Он немного смутился, но тут же с не меньшей резкостью и силой оборвал ее:
— Физически — да, но душевное равновесие может быть потеряно. Это необходимо! ‹…›
Уходя, она добавила тихо:
— Не думаю я, что по-товарищески с твоей стороны подходить ко мне с такими разговорами. Это — безобразие!
Хорохорин посмотрел на нее с презрением. Все это цельное, как ему казалось, стройное, уравновешенное, материалистическое миросозерцание возмутилось в нем. Медичка показалась ему жалкой, трусливой, по-обывательски глупой. Он решительно дернулся с места, сжал кулаки, словно готовясь к реальной борьбе с каким-то врагом, и пошел прочь из буфета».
Дальше там двойное самоубийство, которое оказывается убийством, — спойлеры никому не помешают, поскольку и сама интрига не представляет интереса. Снова связь любви и смерти, снова суицидальная мания, снова соития от скуки, смерть от скуки, диспуты и проработки — вся атмосфера невыносимой пошлости, контрастирующая, понятное дело, с весной и пробуждением природы, которая, в свою очередь, пробуждает в героях инстинкты. Но думаю, именно после «Собачьего переулка» читателю многое станет ясно относительно революции, которая якобы раскрепостила героев — а на деле уничтожила все высокое, сложное и умное, что было в их жизни, скомпрометировала или втоптала в грязь все, что отвлекало от «свинцовых мерзостей». Остались похоть и тоска — две главные эмоции прозы двадцатых годов.
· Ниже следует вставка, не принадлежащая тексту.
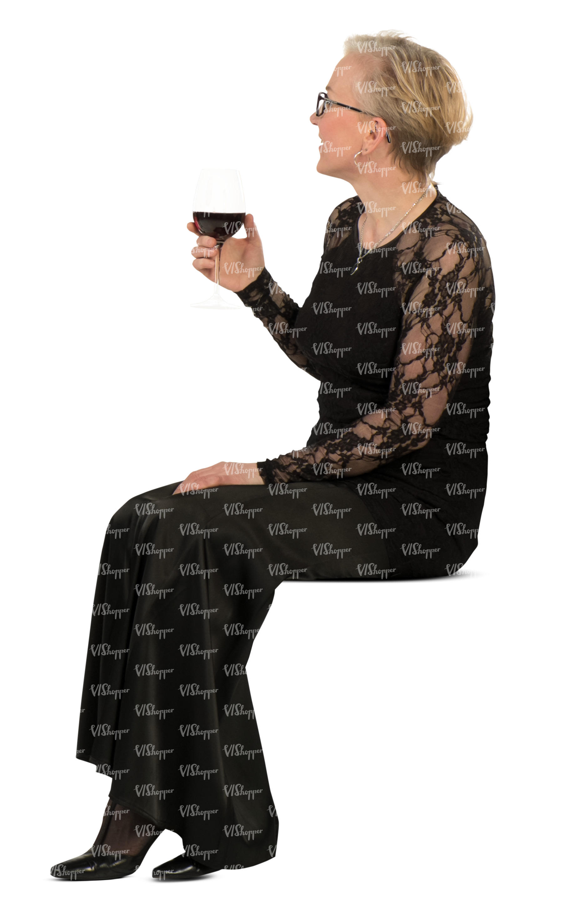 • woman in a formal black dress sitting and drinking wine

Можно, разумеется, сказать, что подлинная жизнь кипела в других местах, что был и энтузиазм, и стройки, и здоровые отношения, — то есть привести все оправдания и самооправдания, которыми авторы пытались отвести от себя упреки в очернительстве. Но жизнь устроена так, что остается в читательской — и в исторической — памяти прежде всего то, что зафиксировано в литературе; а литература двадцатых либо ходульна — и тогда ей нет никакой веры, либо бульварна — и тогда ее обвиняют в клевете, но по крайней мере читают и перечитывают. Никакого жизнерадостного строительства в литературе двадцатых, написанной по горячим следам, нет: есть либо зверства Гражданской, как у Бабеля в «Конармии», либо мучительная послевоенная ломка, либо «угар нэпа» со всей его густой пошлостью. Двадцатые годы отличаются от Серебряного века только полным отсутствием надежды — потому что все варианты уже испробованы (да, конечно, уровнем разговора).